** Available records **
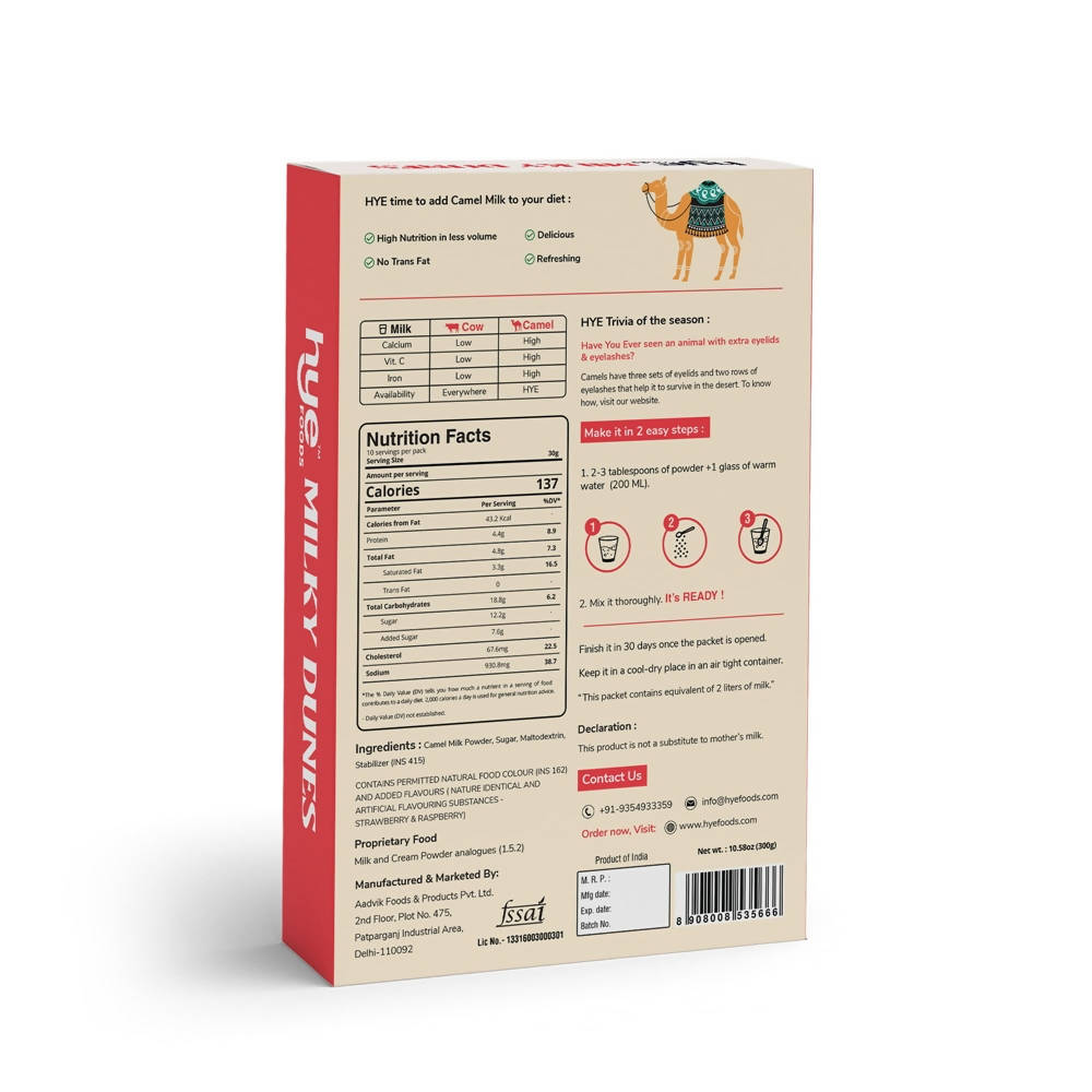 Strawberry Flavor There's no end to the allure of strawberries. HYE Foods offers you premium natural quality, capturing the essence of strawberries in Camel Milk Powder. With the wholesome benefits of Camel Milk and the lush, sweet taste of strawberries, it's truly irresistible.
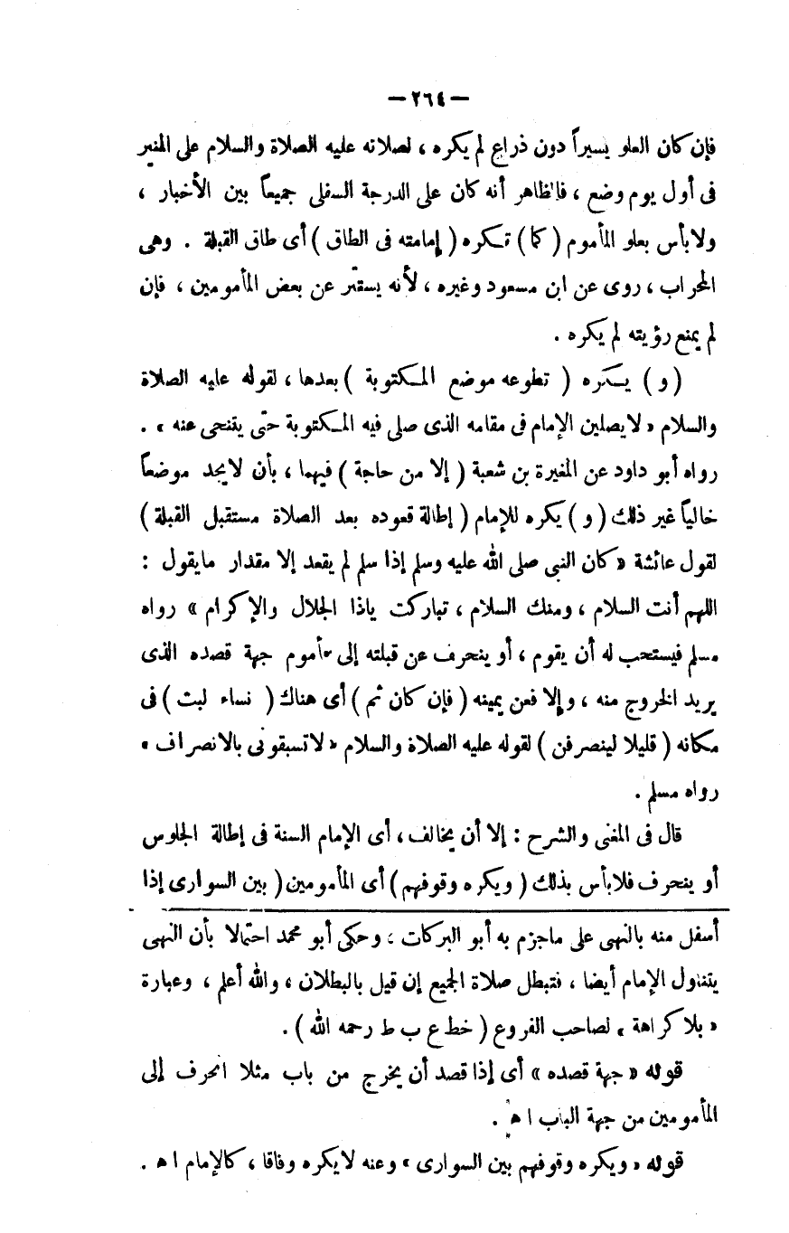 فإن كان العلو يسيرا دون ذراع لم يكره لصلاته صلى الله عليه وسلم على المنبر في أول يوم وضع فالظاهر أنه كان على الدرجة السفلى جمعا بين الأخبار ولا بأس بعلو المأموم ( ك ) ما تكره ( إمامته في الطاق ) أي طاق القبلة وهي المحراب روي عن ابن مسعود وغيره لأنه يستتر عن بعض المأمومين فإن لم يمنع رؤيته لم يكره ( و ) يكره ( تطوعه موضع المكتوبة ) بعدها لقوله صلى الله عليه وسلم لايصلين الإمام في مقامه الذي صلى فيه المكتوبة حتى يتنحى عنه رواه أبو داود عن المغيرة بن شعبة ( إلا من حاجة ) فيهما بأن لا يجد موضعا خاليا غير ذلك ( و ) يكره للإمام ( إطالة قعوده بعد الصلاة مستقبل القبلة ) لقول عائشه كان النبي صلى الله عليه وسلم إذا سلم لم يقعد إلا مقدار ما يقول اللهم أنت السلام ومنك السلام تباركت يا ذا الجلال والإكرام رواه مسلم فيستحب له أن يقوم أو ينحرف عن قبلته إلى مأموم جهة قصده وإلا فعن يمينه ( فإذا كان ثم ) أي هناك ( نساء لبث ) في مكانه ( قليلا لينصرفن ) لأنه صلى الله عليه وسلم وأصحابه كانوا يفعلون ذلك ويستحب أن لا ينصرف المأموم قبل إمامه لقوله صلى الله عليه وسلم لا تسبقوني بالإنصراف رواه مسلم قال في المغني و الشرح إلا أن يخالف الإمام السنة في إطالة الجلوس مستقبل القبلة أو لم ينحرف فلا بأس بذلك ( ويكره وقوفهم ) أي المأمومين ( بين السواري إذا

* * *

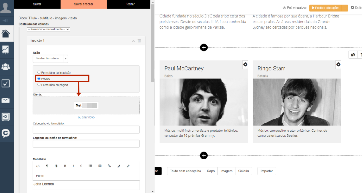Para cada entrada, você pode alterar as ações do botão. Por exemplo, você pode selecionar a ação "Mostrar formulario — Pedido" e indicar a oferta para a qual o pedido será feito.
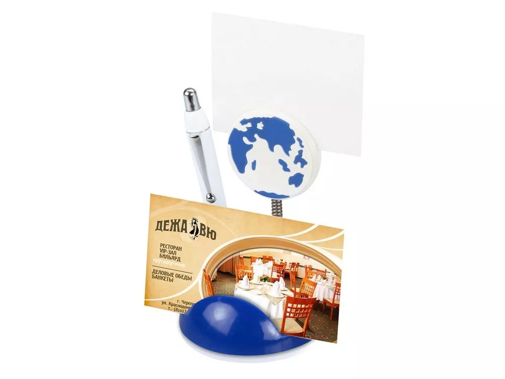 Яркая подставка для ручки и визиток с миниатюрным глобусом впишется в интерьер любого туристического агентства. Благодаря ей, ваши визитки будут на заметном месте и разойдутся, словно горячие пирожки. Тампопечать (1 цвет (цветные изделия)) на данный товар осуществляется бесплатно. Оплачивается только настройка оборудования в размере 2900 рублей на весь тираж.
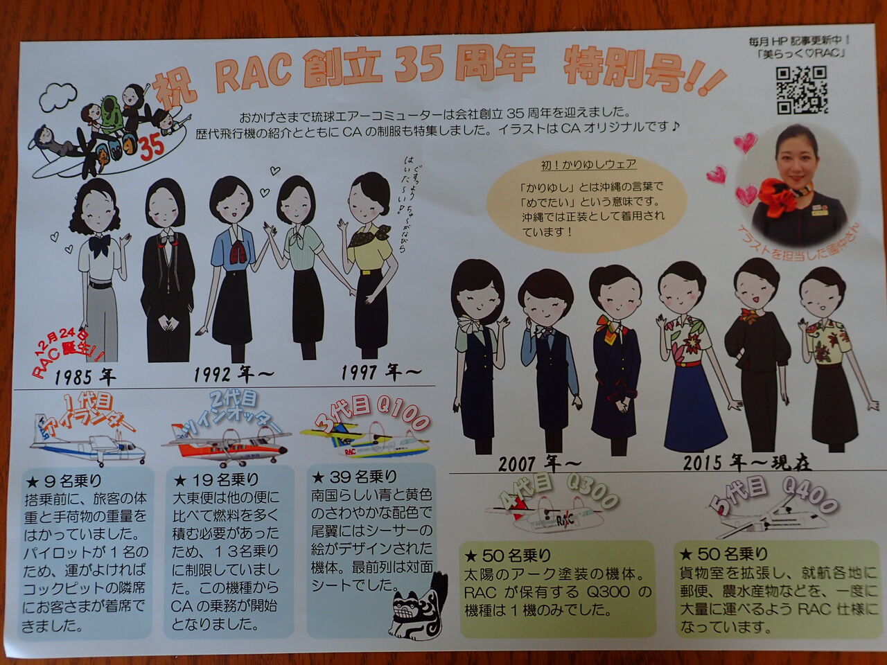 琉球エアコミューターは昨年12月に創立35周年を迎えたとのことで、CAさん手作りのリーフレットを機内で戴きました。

** Exercise directions **
With the pictures omitted, copy the entries above exactly from the line containing "Para cada entrada, você" through the line containing "琉球エアコミューターは昨年1", both lines included.

** Answer area **
Para cada entrada, você pode alterar as ações do botão. Por exemplo, você pode selecionar a ação "Mostrar formulario — Pedido" e indicar a oferta para a qual o pedido será feito.
 Яркая подставка для ручки и визиток с миниатюрным глобусом впишется в интерьер любого туристического агентства. Благодаря ей, ваши визитки будут на заметном месте и разойдутся, словно горячие пирожки. Тампопечать (1 цвет (цветные изделия)) на данный товар осуществляется бесплатно. Оплачивается только настройка оборудования в размере 2900 рублей на весь тираж.
 琉球エアコミューターは昨年12月に創立35周年を迎えたとのことで、CAさん手作りのリーフレットを機内で戴きました。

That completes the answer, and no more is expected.